[Data segment]:
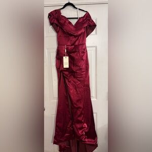 Step out in style with this elegant off-shoulder burgundy dress. Perfect for any special occasion, this dress combines sophistication with a modern twist. The rich burgundy color adds a touch of luxury to your wardrobe.
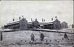 In Broken Hill’s early days the residents lived in dwellings that consisted mainly of tents or iron structure, and the small community was dealt many hardships over the including dust storms, severe heat, drought, dirty drinking water, unsanitary conditions, disease and mining accidents were commonplace. The major illnesses in the community were diphtheria, typhoid, lead poisoning, pneumonia, dysentery and enteritis and there was a high mortality rate for the young of Broken Hill.[3] In 1886 there was no medical facility in the township of Broken Hill, in contrast Silverton, New South Wales had three medical practitioners, but after BHP was approached by the Miners association it was agreed to provide a temporary hospital structure that could hold six beds, a morgue and two outhouses were also included, this first initial structure was a simple timber and iron dwelling.
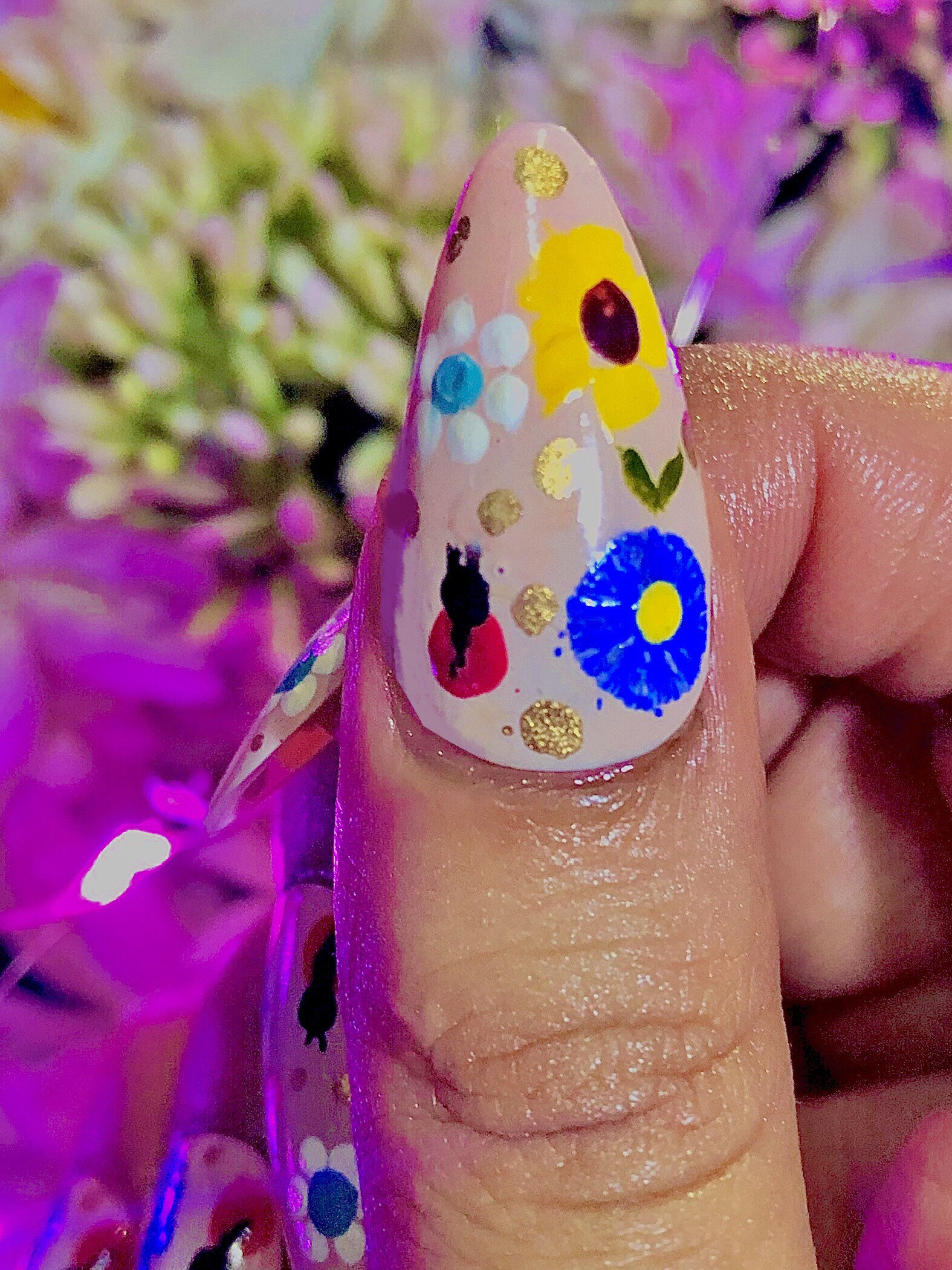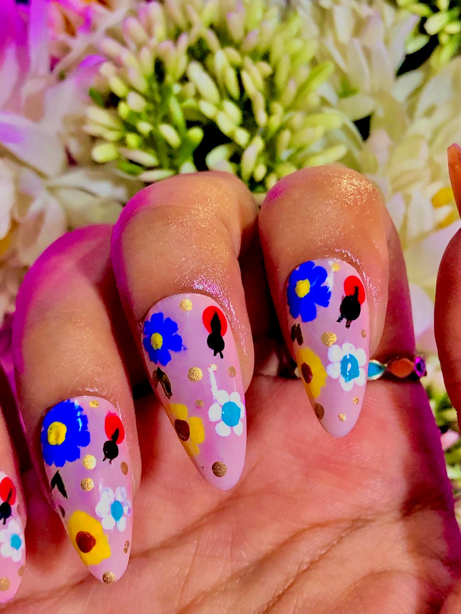 Lady bud and flowers on nude base that would bring the court of spring to shame.

[Task statement]: A word-for-word copy of the data above is needed, one that omits the pictures.

[Exercise result]:
 Step out in style with this elegant off-shoulder burgundy dress. Perfect for any special occasion, this dress combines sophistication with a modern twist. The rich burgundy color adds a touch of luxury to your wardrobe.
 In Broken Hill’s early days the residents lived in dwellings that consisted mainly of tents or iron structure, and the small community was dealt many hardships over the including dust storms, severe heat, drought, dirty drinking water, unsanitary conditions, disease and mining accidents were commonplace. The major illnesses in the community were diphtheria, typhoid, lead poisoning, pneumonia, dysentery and enteritis and there was a high mortality rate for the young of Broken Hill.[3] In 1886 there was no medical facility in the township of Broken Hill, in contrast Silverton, New South Wales had three medical practitioners, but after BHP was approached by the Miners association it was agreed to provide a temporary hospital structure that could hold six beds, a morgue and two outhouses were also included, this first initial structure was a simple timber and iron dwelling.
 Lady bud and flowers on nude base that would bring the court of spring to shame.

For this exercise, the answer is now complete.